Friday, October 11, 2013

We are stardust...in the highest exalted way.

I shared this with the students on the Nature Retreat last month, and with the Campus Ministry staff last week, but I can only hope they don’t hold it against me for doing the same thing again. I keep coming back to it in my own prayer life, and even though it’s just a picture, it continues to feed my theological and spiritual imagination. Below is a picture of what is called the “Hubble Extreme Deep Field”; it was taken by pointing the Hubble Telescope at a single, tiny spot in what looked like a nondescript section of space and leaving it to collect light for weeks on end.


Imagine holding a grain of rice at arms’ length – that’s about how much of the night sky this image represents – and then remember that this tiny area was chosen precisely because it looked uninteresting. That is, just about any grain of rice-sized segment of space would look more or less like this. There are on the order of 5,500 galaxies (not stars – GALAXIES) visible in this tiny little slice of the night sky, some as far away as 13 billion light years – nearly to the absolute origin of the cosmos.

Here’s a question for you: looking at this image, imagining the scope and scale of the cosmos that it represents, do you find yourself feeling small, or feeling big? It is easy to feel small – the universe has been around a very long time, I am infinitesimally small in comparison to the scale of the cosmos, and when I die, I don’t imagine that the universe will much notice. But what if you looked at this amazing photo, imagined the sweep of the cosmos, and felt big? Astrophysicist Neil DeGrasse Tyson notes that the atoms in our bodies can be traced to the hearts of stars that forged light elements into heavy elements and then went supernova at the end of their life cycles, exploding and scattering their “enriched guts” (as he puts it) across the cosmos. In a very real way, then, we are stardust - we are a part of the tremendous and magnificent unfolding of the cosmos, we are connected to one another and everything around us, we are caught up in a grand story in which the universe becomes conscious of itself in us.

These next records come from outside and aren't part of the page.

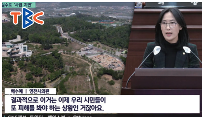
▲마현산공원 조성 차질 지적

배수예 의원, "영천시, 영천 학생 입학 보장 없는 명문고 유치는 무의미"
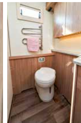
Fast wie daheim: Duschkabine mit solider Tür, Porzellan-WC und elektrisch beheizter Handtuchwärmer. Das Licht ist hell, der Spiegel aber eher klein.
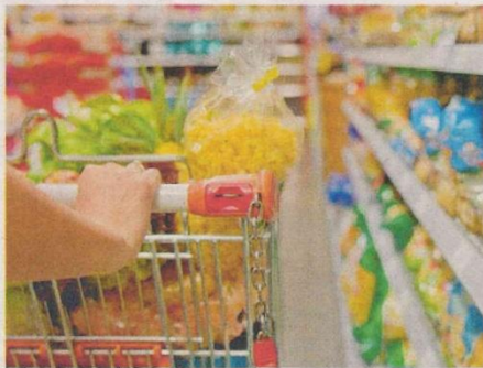
LE CARTE "DEDICATA A TE" POTRANNO ESSERE UTILIZZATE PER FARE LA SPESA

I beneficiari "non" hanno presentato domanda. L'elenco di Vigliano comprende 74 nuclei beneficiari, si tratta di cittadini che alla data della pubblicazione del decreto sono risultati regolarmente iscritti all'anagrafe co-
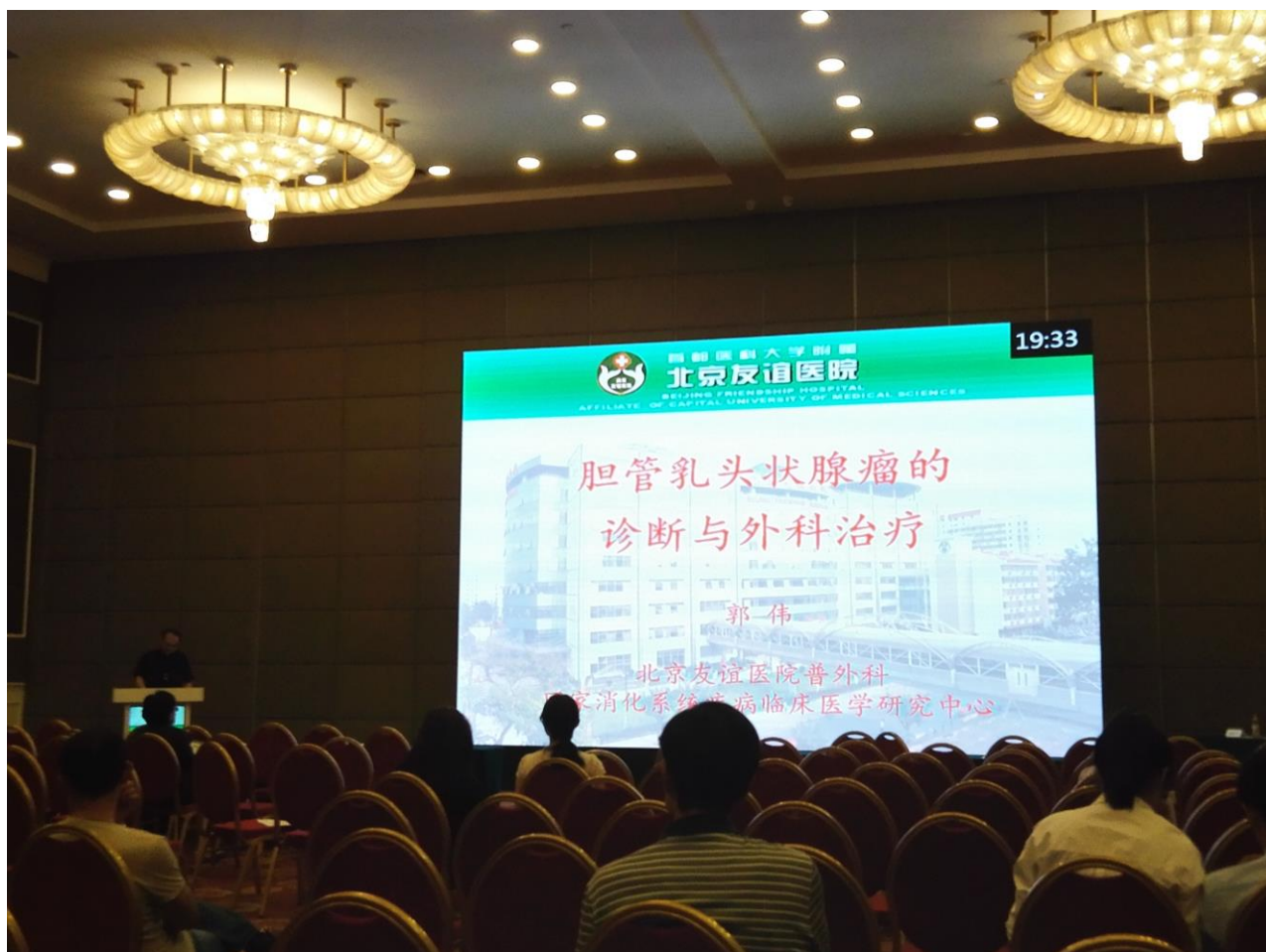
图 12 胆管乳头状腺瘤的诊断与外科治疗(郭伟).
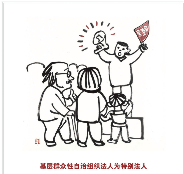
基层群众性自治组织法人为特别法人

不能完全辨认自己行为的成年人为限制民事行为能力人,实施民事法律行为由其法定代理人代理或者经其法定代理人同意、追认,但是可以独立实施纯获利益的民事法律行为或者与其智力、精神健康状况相适应的民事法律行为。(第二十二条)
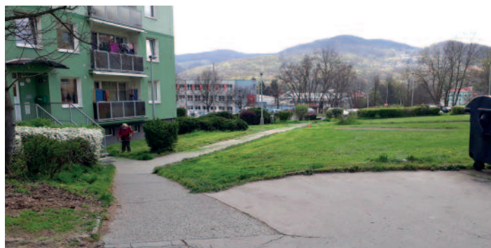
Zahájení seči – V Oblouku Krásné Březno

Právě v tuto dobu trávníky rostou a je potřeba je sekat. Pokud se seká v tuto dobu, kdy tráva roste (vlhko a teplota 15-20 st. C) a po posekání i více odnožuje a zahušťuje se a omezuje se růst dvouděložných. Jakmile teploty stoupnou nad 25 stupňů, budou seče omezovány na minimum. Optimální seč trávy je o 1/3, max. o 1/2, což se snažíme ve většině případů dodržovat. V některých lokalitách ponecháváme na extenzivních plochách neposekané pruhy či větší místa jako tzv. mozaikovou seč. Do konce května budou v některých lokalitách trávníky posečeny dvakrát a další seče budou plánovány v jednotlivých lokalitách dle klimatických podmínek a růstu trávy. Názory na sečení travnatých ploch se různí, jedni volají sekat, ale bez hluku, druzí nesekat. Jarní posečení travnatých ploch určitě chyba nebyla, sídliště jsou zelená a upravená.
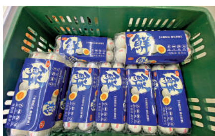
台當局進口過量雞蛋，導致大批雞蛋將過期。

最新雞蛋產銷信息，目前島內每日約有3368萬隻雞蛋投入生產，雞蛋每日生產量維持11.7萬箱（每箱約200顆），距離台灣民眾每日需求量12萬箱，仍有約60萬顆供應缺口。
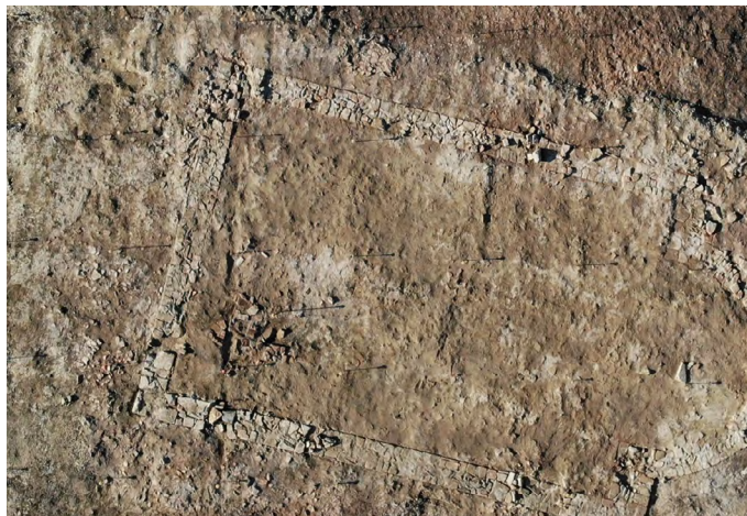
Figura 5. S. Venanzio 2, vista dall'alto del cantiere di scavo.

L'area oggetto della segnalazione del rinvenimento di alcuni materiali era ancora occupata dalle coltivazioni, per cui si è deciso di effettuare una serie di sorvoli con un drone che hanno permesso di individuare un cropmark che non lasciava dubbi. L'immagine in RGB evidenzia infatti il perimetro completo di un edificio absidato, lungo circa 11 × 6,5 m, orientato est-ovest. Subito dopo il raccolto quindi si inizia una campagna di indagine estensiva su di un'area di 275 mq. Immediatamente al di sotto dell'arativo, a circa -0,50 m dal piano di campagna, sono comparsi i resti delle fondazioni di un secondo edificio
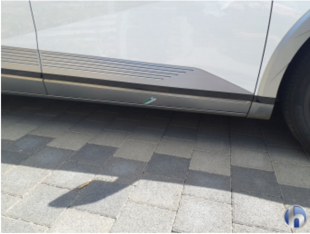
4. Schweller - Rechts Gebrauchsspuren - Ohne Reparatur
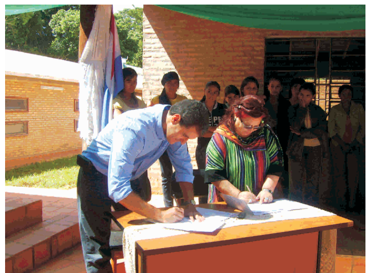
El representante de la Fundación Moisés Bertoni y la ministra Rubin, durante la suscripción.
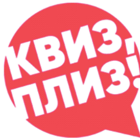
ИГРА КВИЗ ПЛИЗ!
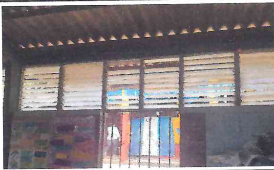
Foto 3: Ventanas en mal estado y deterioradas por el paso del tiempo.
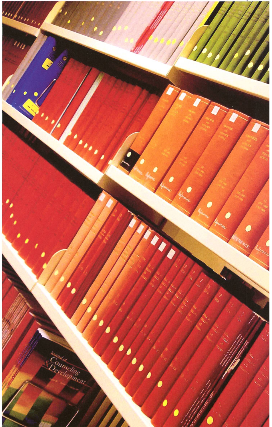
Systematisches Vorgehen bei der Informationssuche spart Zeit.

Die Suchergebnisse werden unterhalb des Suchformulars angezeigt. Angegeben
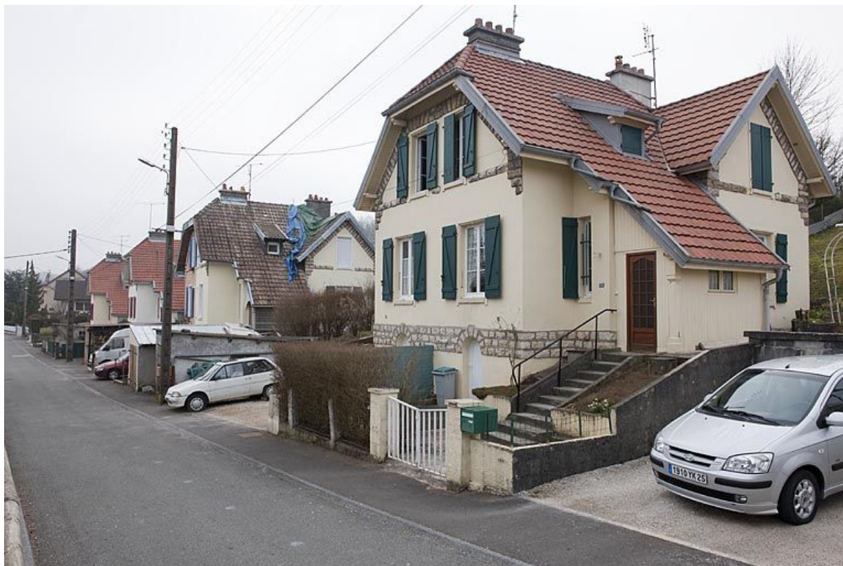
Vue d'ensemble depuis l'ouest. 25, Fesches-le-Châtel
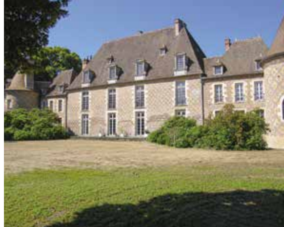
Château de Pomay à Lusigny
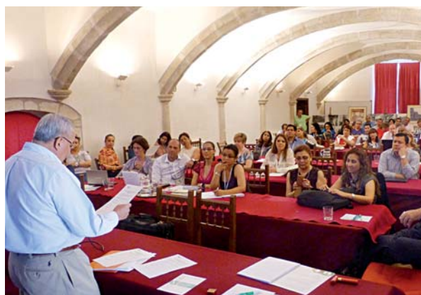
Curso Internacional sobre la Calidad del Postgrado en Iberoamérica. Univ. de Extremadura. Trujillo, España
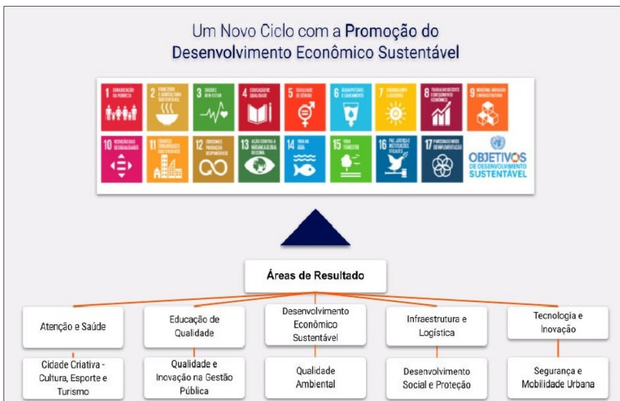
Figura 1: Áreas de resultado.

A partir das diretrizes da atual gestão municipal foram definidos 10 (dez) Áreas de Resultados que explicitam os objetivos estratégicos das várias áreas de atuação da Prefeitura e onde estão agrupados os programas e ações.
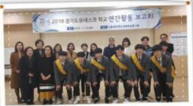
세계와 함께 걸어간다! 유네스코협력학교!
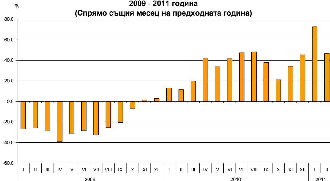
Фиг. 3. Номинален растеж на износа за периода 2009 - 2011 година (Спрямо същия месец на предходната година)

През периода януари - февруари 2011 г. в страната са внесени стоки общо за 6.2 млрд. лв (по цени CIF) , или с 36.3% повече спрямо същия период на предходната година (табл. 1.1 и 1.2).
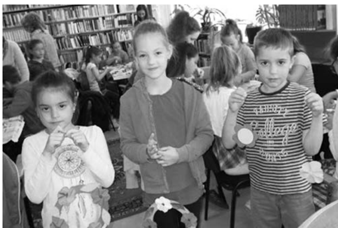
Szünidei szerda – kézműves foglalkozás
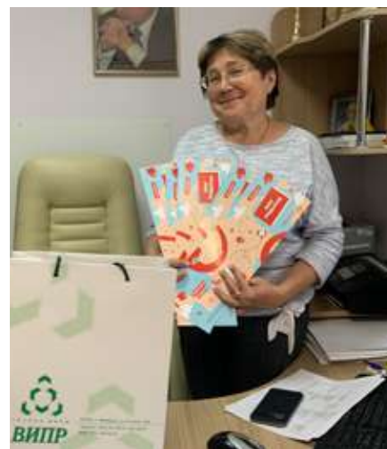
МБДОУ ДС №89 Т.Н.Шмельёва

«Развитие наших детей зависит от вашего профессионализма и мудрости. Ежедневно вы дарите дошколятам внимание, заботу и тепло. С вашей помощью они познают мир, учатся общению и жизни в обществе», – подчеркнул депутат.
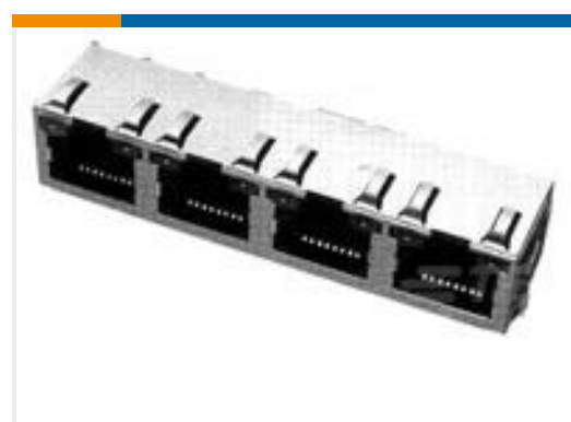
TE 产品编号5406552-2 INV MJ,1X4,PNL GRD,LED (G/-)

What does any of this have to do with a Campus Ministry blog? I love my job, but the one part of this work that I hate is encountering wonderful students who don't feel comfortable around Campus Ministry because they expect it to be only for the Catholic students at SLU. On the other hand, my FAVORITE part of the job is walking with students (and staff! and faculty!), wherever they are in their spiritual journeys, as they attempt to wrestle with the big questions of what it means to be fully alive, what touches their hearts, what breaks their hearts.

Much has been made of the (often) acrimonious relationship between religion and science, and while I have neither the space nor the expertise to lay out a theology of that relationship, let me simply say that the passion for the tremendous and fascinating mystery that animates the theological enterprise seems alive and well among people like Dr. Tyson, who calls himself an agnostic but uses religious language like someone who is on a deep spiritual journey. This should not surprise anyone - the Jesuit theologian Karl Rahner spoke of all people being inherently oriented toward a horizon of mystery (he calls it the supernatural existential) - but it is easy to forget that members of organized religions don't have a monopoly on spirituality. Wherever we are in our relationships to organized religions - theist, atheist, nontheist, posttheist, what have you - AWE remains the appropriate response to the wondrousness of the universe around us, in us, and between us and our fellow human beings, and there is incredible untapped conversation and community and shared work for dignity and peace to be opened up in the sharing of that sense of wonder.